Beneath the surface of much talked about ‘macroeconomic recalibration’ lies a deeper, troubling truth: the fruits of this so-called recovery have not reached the working class
Beneath the surface of much talked about “macroeconomic recalibration” lies a deeper, troubling truth: the fruits of this so-called recovery have not reached the working class.
While the SBP’s cautious optimism and improved economic indicators signal stability to international lenders and market watchers, the average Pakistani worker remains trapped in a cycle of low wages, job insecurity, and eroding labour protections. This divergence between headline stability and street-level struggle exposes a core failing of Pakistan’s growth model — it may balance books, but it breaks backs.
The monetary policy may be stabilising inflation and attracting capital, but it has done little to address the structural inequities that keep millions precariously employed or entirely excluded from formal economic life.
The much-touted gig economy in Pakistan represents not progress but a contemporary manifestation of Marx’s “reserve army of labour” — a disposable workforce stripped of collective bargaining power. Pakistan’s freelance sector (measured by foreign exchange earned) grew by 33pc in nine months of the last fiscal year.
Yet this apparent success masks systemic exploitation, with platform workers classified as “independent contractors” to deny them basic labour rights and social protections. The estimated number of freelancers is somewhere between two million and 2.5m, and half a million of them are engaged in full time work.
Food delivery riders for platforms like FoodPanda and Careem exemplify Marx’s concept of alienation from the labour process. A damning 2023 Fairwork Pakistan report scored major gig platforms 0-1 out of 10 on fair pay metrics, with widespread protests erupting over arbitrary commission cuts. These nominally “self-employed” workers remain completely dependent on opaque algorithms that dictate their earnings while platforms avoid employer responsibilities — a digital-age echo of feudal exploitation.
This digital precarity exists within Pakistan’s broader informal economy, which absorbs 72% of the non-agricultural workforce according to the 2020-21 findings of the Pakistan Bureau of Statistics. From Sialkot’s football stitchers earning Rs18-20 per ball (retailed internationally for over $100) to home-based garment workers unaware of where their products are sold, workers also experience the second form of alienation —disconnection from the fruits of their Labour.

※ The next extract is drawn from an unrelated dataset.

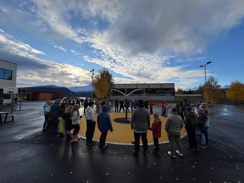 Etter vi hadde pakket ned utstyret også på skolen ble det seremoni og merkeutdeling, alle fikk Jota-Joti 2025 merket, det ble også påskjønnet et ekstra merke til de som hadde utmerket seg på å ta kontakt og prate med de andre speiderne verden rundt, det var Ada-Viktoria Eidissen, May-Eline Olsen og Tuva Luvise Wiken som hadde vært i kontakt med flest for 6. Narvik Speidergruppe.

Alarmingly, proposed labour law revisions in Sindh and Punjab seek to institutionalise third-party contracting, further eroding worker protections, according to credible media reports.

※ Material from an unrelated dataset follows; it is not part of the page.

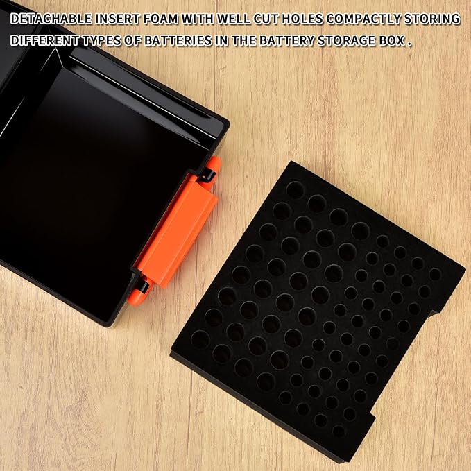 - Battery Storage Box: Battery holder case with thick and soft padding can fully protect your batteries. Detachable insert foam with well cut holes fits different-sized batteries snugly, also can tightly fix all batteries in the groove, avoid the friction between batteries.makes your mess battery regular and safe

The collapse of collective bargaining leaves workers defenceless. Pakistan’s unionisation rate has plummeted to just 2-3% of the workforce, with gig workers entirely excluded from labour protections, as per the 2023 report of Pakistan Institute of Labour Education & Research (Piler).
Pakistani gig workers rely for support only on scattered social media campaigns. Overall, labour plights are now highlighted occasionally at labour lobby forums and the Human Rights Commission of Pakistan, but to no avail. The 2025 May Day rallies organised by the Pakistan Trade Union Defence Campaign demanding an end to outsourcing and IMF-driven austerity were met with police batons rather than policy changes, according to a Dawn report.

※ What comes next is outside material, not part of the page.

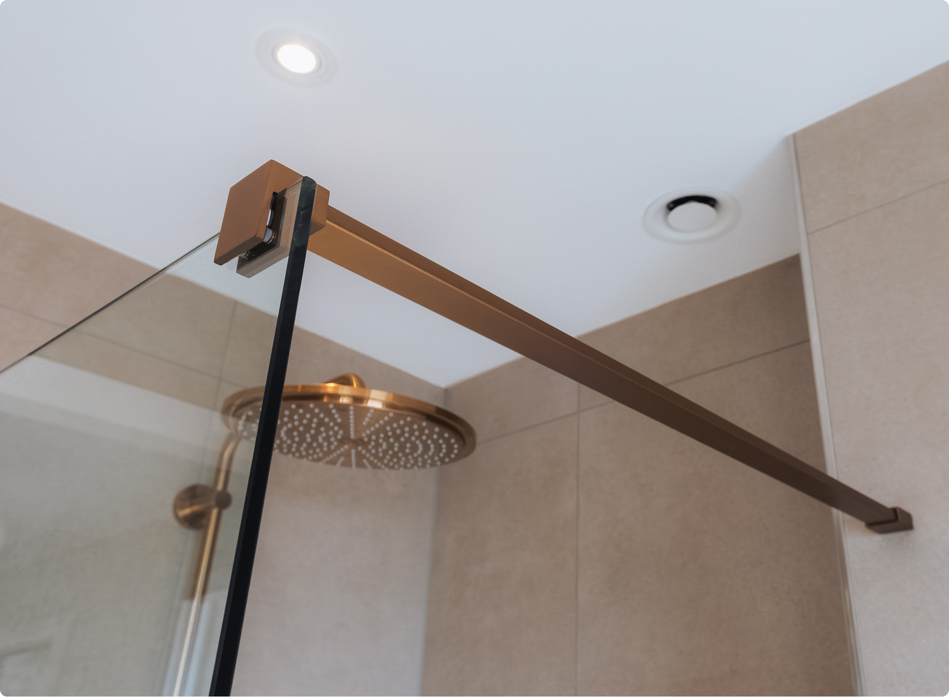 Bij zulke stijlvolle keuzes voor het badkamermeubel en opbergruimte, hoort uiteraard ook een comfortabele douche met karakter! Amanda koos ook hier voor een Brushed Warm Sunset kraan van Grohe. De kleur van de kraan komt bovendien terug in de doucheaccessoires – van het douchewissertje tot de stabilisatiestang. It's all in the details!
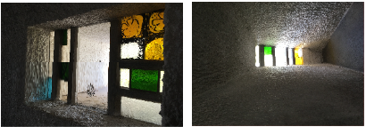 두꺼운 벽이 만든 어둠을 뚫고 떨어지는 빛들을 보아라.

The exploitation extends beyond gig work. Karachi’s sanitation workers earn Rs25,000 monthly — 33pc below the federal minimum wage — while often walking 20km daily to avoid transport costs, a 2023 HRCP report lamented.
The Sindh Solid Waste Management Board systematically underpays 20,000 workers by Rs17,000 each monthly, amounting to Rs2.4 billion in annual wage theft, a fact highlighted multiple times by credible mainstream media. Contract workers face instant termination for complaints and female house maids have nowhere to turn to in case of exploitation and even harassment.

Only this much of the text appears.